**How to complete this task**: Print verbatim the lines from the beginning of the entries through the line containing "LOT 2 Oil on", both ends included. Pictures should be left out.

**Provided data**:

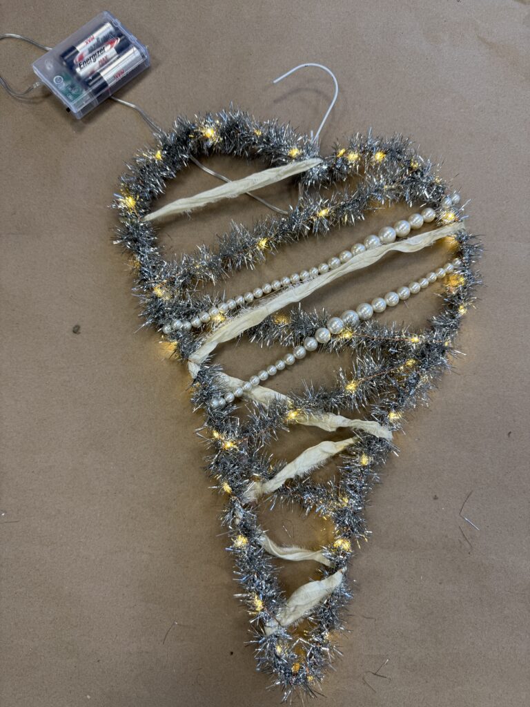 I wrapped everything all the way around the heart, and since this piece will be hanging, I’ll simply tuck the battery pack under the garland so it stays hidden.
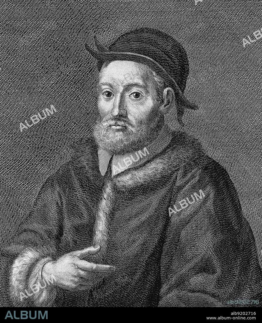 Caption: Andrea Cesalpino (1519 - 1603), Italian physician, philosopher and botanist. His De plantis libri XVI (1583) is considered the first textbook on botany, a discipline he helped found. Line engraving by F. Allegrini after Giuseppe Zocchi, 1765.
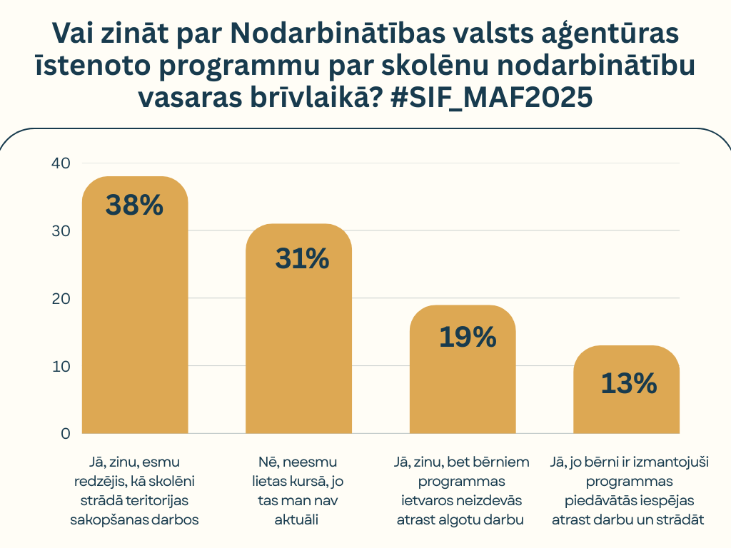 “Ziemeļlatvijas” publikācijā “Vasaras brīvlaikā strādāt gribētāju vairāk nekā pieejamo darba vietu skaits” rakstījām par skolas jauniešu darba iespējām vasaras brīvlaikā. Vairums cer un paļaujas uz Nodarbinātības valsts aģentūras (NVA) īstenotā pasākuma “Nodarbinātības pasākumi vasaras brīvlaikā personām, kuras iegūst izglītību vispārējās, speciālās vai profesionālās izglītības iestādēs” piedāvātajām iespējām.
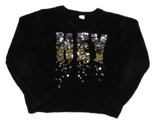 Čierny žinylkový sveter s nápisem z flitrů TU
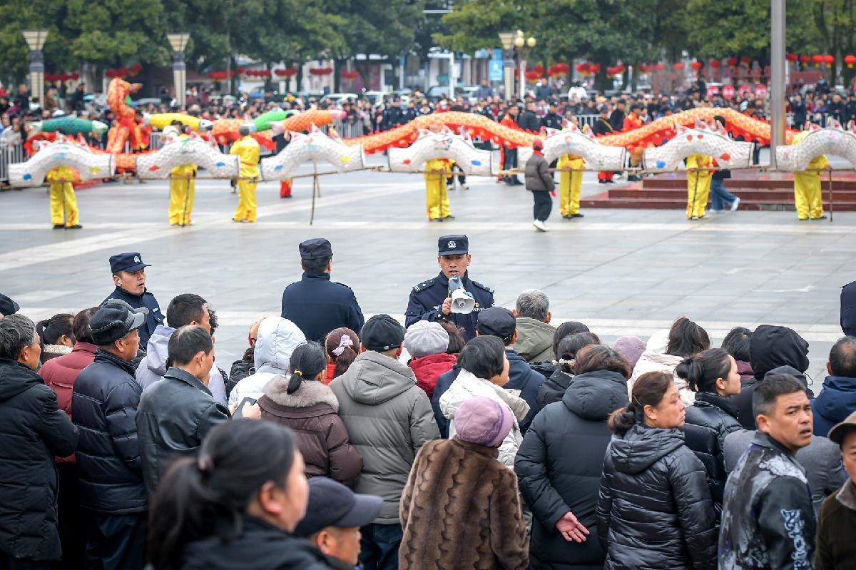 3月3日,安徽省涇縣公安局民警在2026元宵民俗巡游展演活動現場維持秩序。
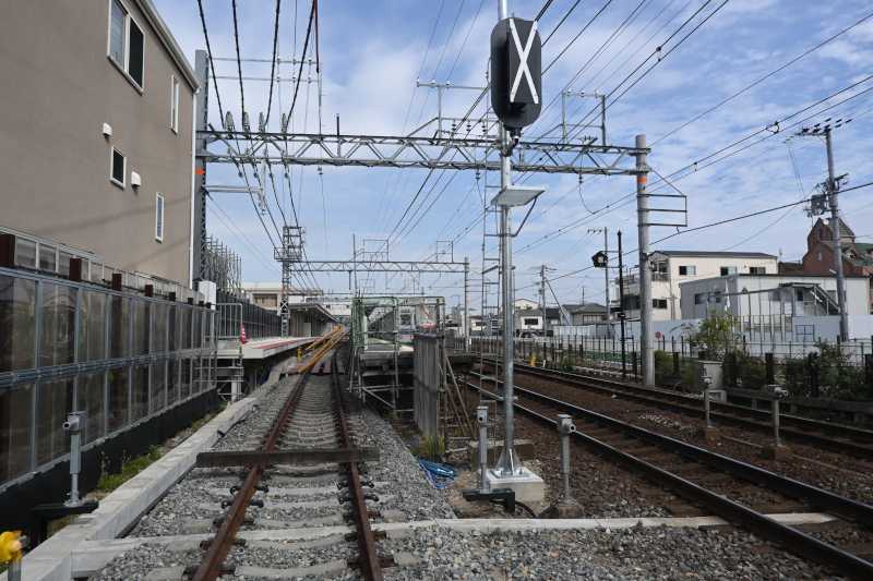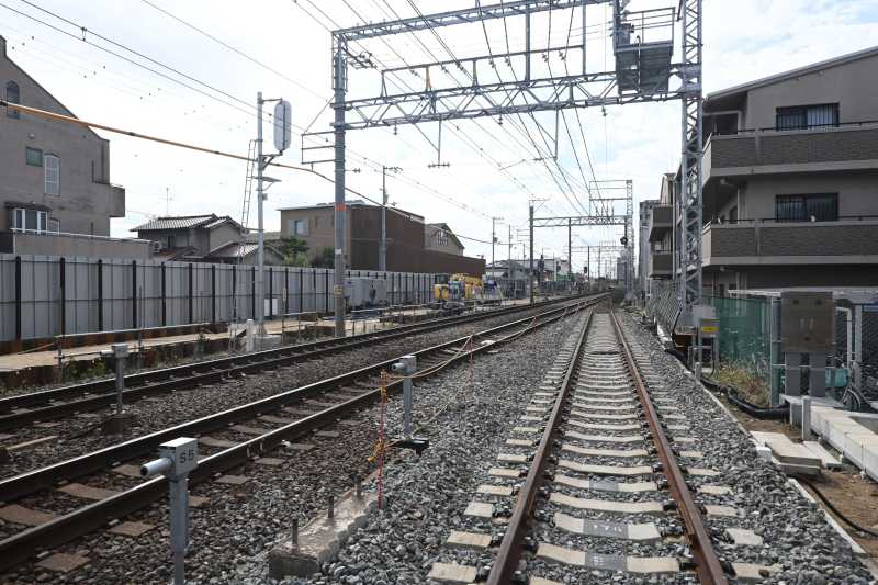 3枚目は同じく石津川8踏切から見た難波方面行の新ホームです。
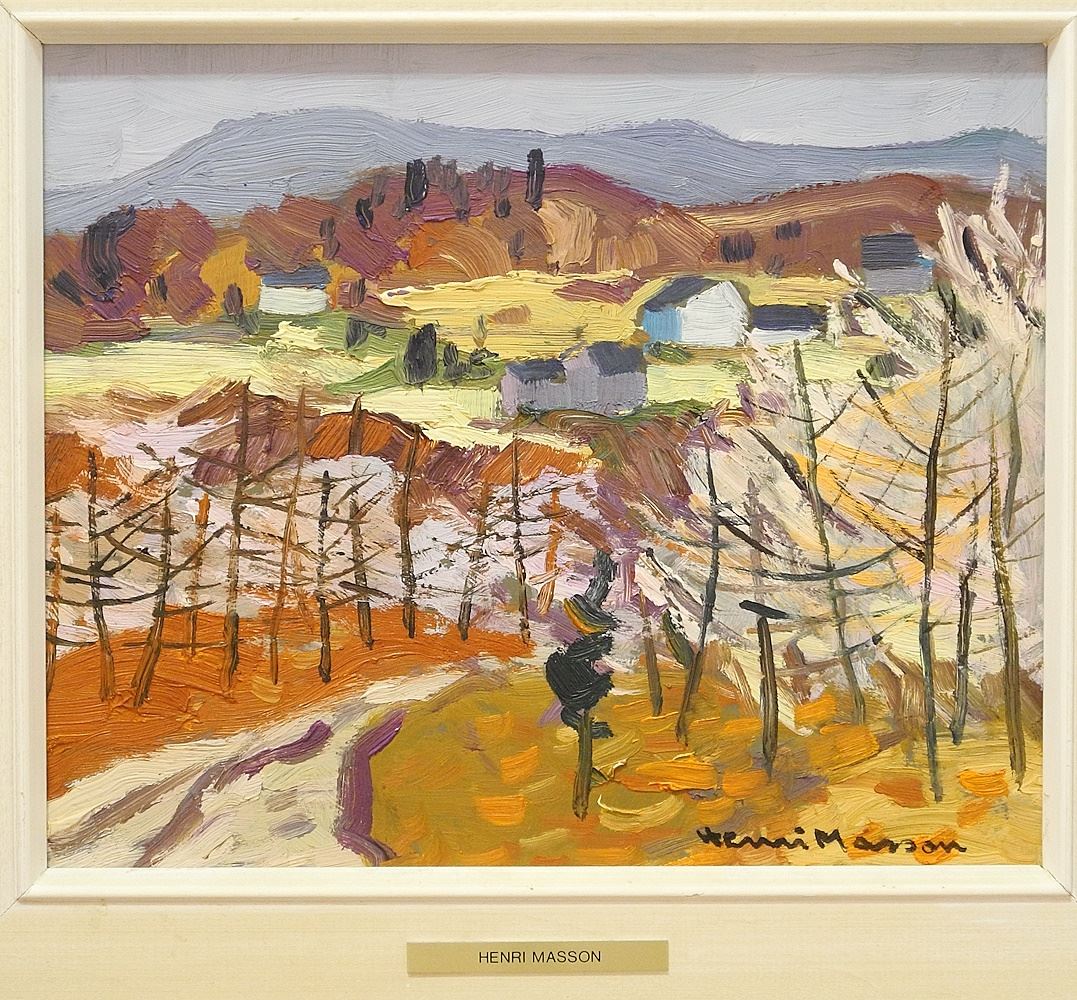 LOT 2 Oil on Masonite signed Henri Masson, 10" x 12", "Late Autumn Luskville Que.". Estimate: $400 - $600 Sold For: $600 Auction Date: Tuesday, October 29 2024 at 4:00 PM
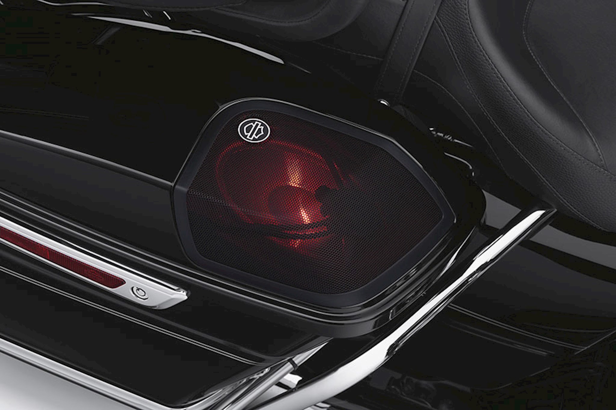 Nothing draws attention at the curb like a well-lighted bike. Whether you are looking for a rich neon glow or a pulsing crowd pleaser, the Harley-Davidson® Spectra Glo Lighting System brings ultra-bright LED lighting to your ride. The Spectra Glo System utilizes RGB LED technology to produce over 500 shades of brilliant color, all controllable with a waterproof handheld wireless fob. Simply use one button to select one of the 7 base colors, and then dial in the shade you desire. You can choose to match the color of your bike, or add a contrasting tone from the wide spectrum of colors. Once you select a color, you can choose between solid, flash or fade modes with a tap of the remote control. Spectra Glo Speaker Illumination adds a diffused neon glow to the Boom!™ Audio speakers. The compact LEDs are installed under the speaker bridge to provide a pool of light across the surface. Kits are available to fit Stage I and Stage II 6.5" Round Speakers and 5" x 7" Saddlebag Lid Speakers. Kits include two LED rings, mounting template and wiring harness.
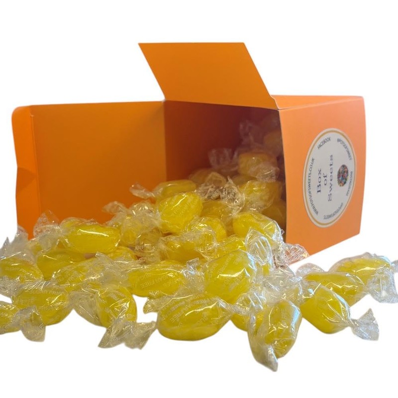 Sharp and sweet lemon flavour hard boiled sugar free sweets with a fizzy sherbet centre. Made with sweeteners. Excessive consumption may produce laxative effects. Not suitable for children under 3 years of age. Contains naturally occurring sugars Ingredients Sweeteners: Isomalt, Sucralose, Vegetable Fat (Palm Oil), Citric Acid; Sodium Bicarbonate, Flavouring, Colour: Beta Carotene. Allergen Information Sugar Free Nutritional Values Typical Values per 100g Energy 1657kj 390kcal Fat 1.0g of which saturates 0.9g Carbohydrates 95.0g of which sugars 0.1g Polols 66.9g Protein 0.3g Salt 0.4g Box Size 21 x 10 x 10cm Weight 300g
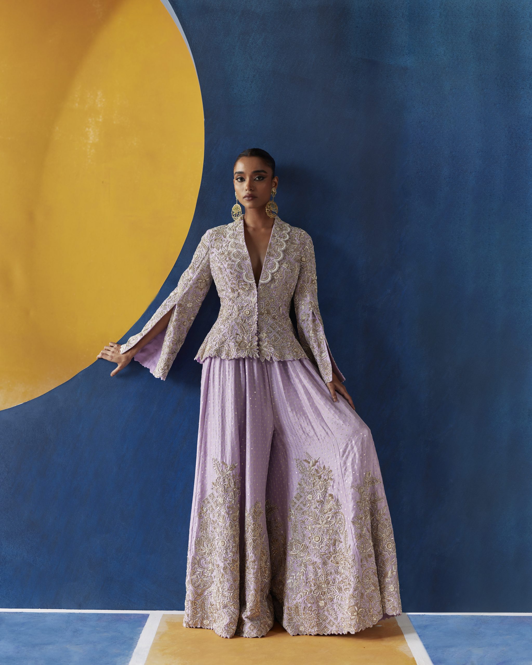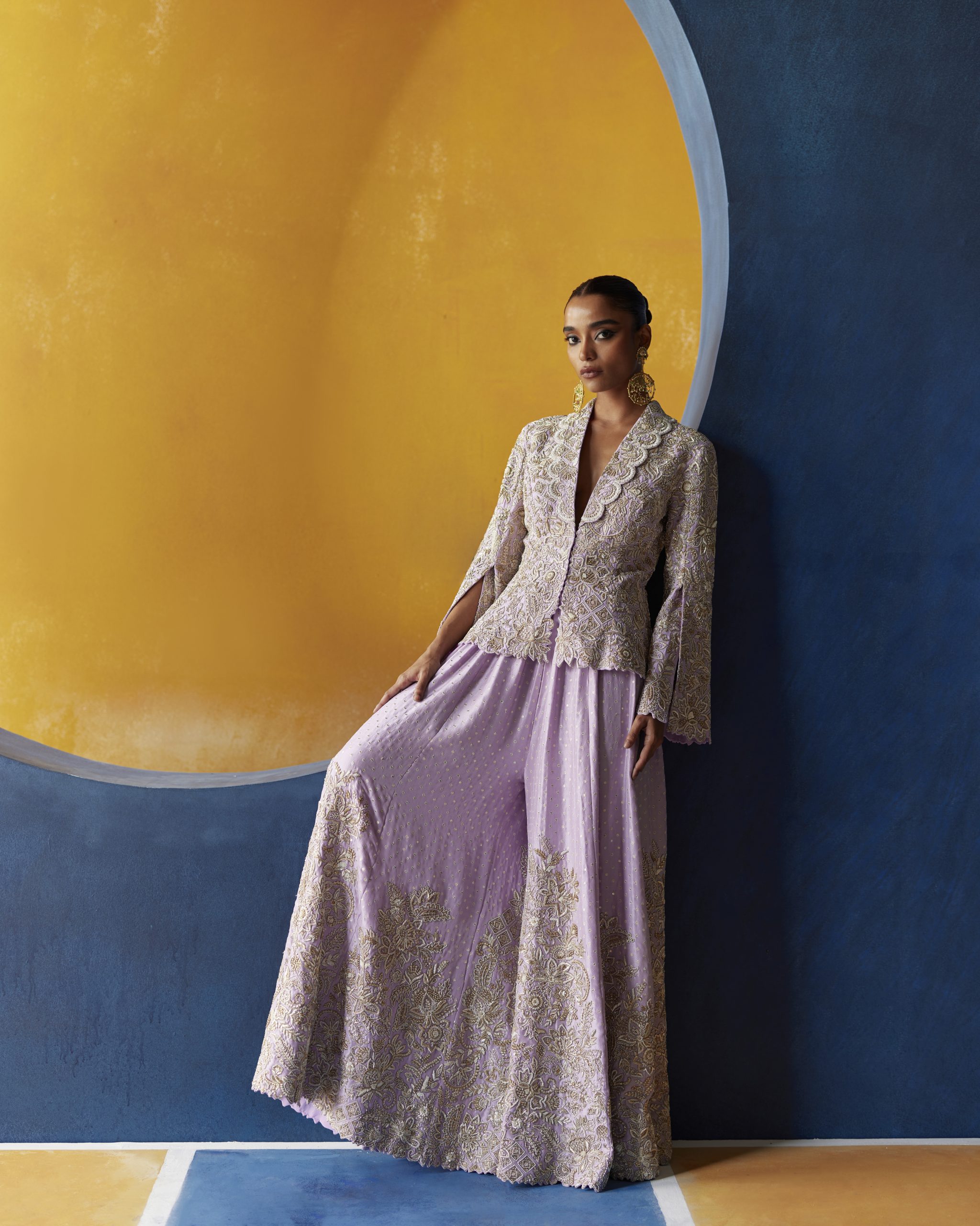 Lilac shawl collar jacket with off-white resham, pearl, and zardozi embroidery all over. Paired with lilac gathered palazzo pants with sequence texture and off-white resham, pearl, and zardozi embroidery at the hemline.

**Completed exercise**:
 I wrapped everything all the way around the heart, and since this piece will be hanging, I’ll simply tuck the battery pack under the garland so it stays hidden.
 Caption: Andrea Cesalpino (1519 - 1603), Italian physician, philosopher and botanist. His De plantis libri XVI (1583) is considered the first textbook on botany, a discipline he helped found. Line engraving by F. Allegrini after Giuseppe Zocchi, 1765.
 “Ziemeļlatvijas” publikācijā “Vasaras brīvlaikā strādāt gribētāju vairāk nekā pieejamo darba vietu skaits” rakstījām par skolas jauniešu darba iespējām vasaras brīvlaikā. Vairums cer un paļaujas uz Nodarbinātības valsts aģentūras (NVA) īstenotā pasākuma “Nodarbinātības pasākumi vasaras brīvlaikā personām, kuras iegūst izglītību vispārējās, speciālās vai profesionālās izglītības iestādēs” piedāvātajām iespējām.
 Čierny žinylkový sveter s nápisem z flitrů TU
 3月3日,安徽省涇縣公安局民警在2026元宵民俗巡游展演活動現場維持秩序。
 3枚目は同じく石津川8踏切から見た難波方面行の新ホームです。
 LOT 2 Oil on Masonite signed Henri Masson, 10" x 12", "Late Autumn Luskville Que.". Estimate: $400 - $600 Sold For: $600 Auction Date: Tuesday, October 29 2024 at 4:00 PM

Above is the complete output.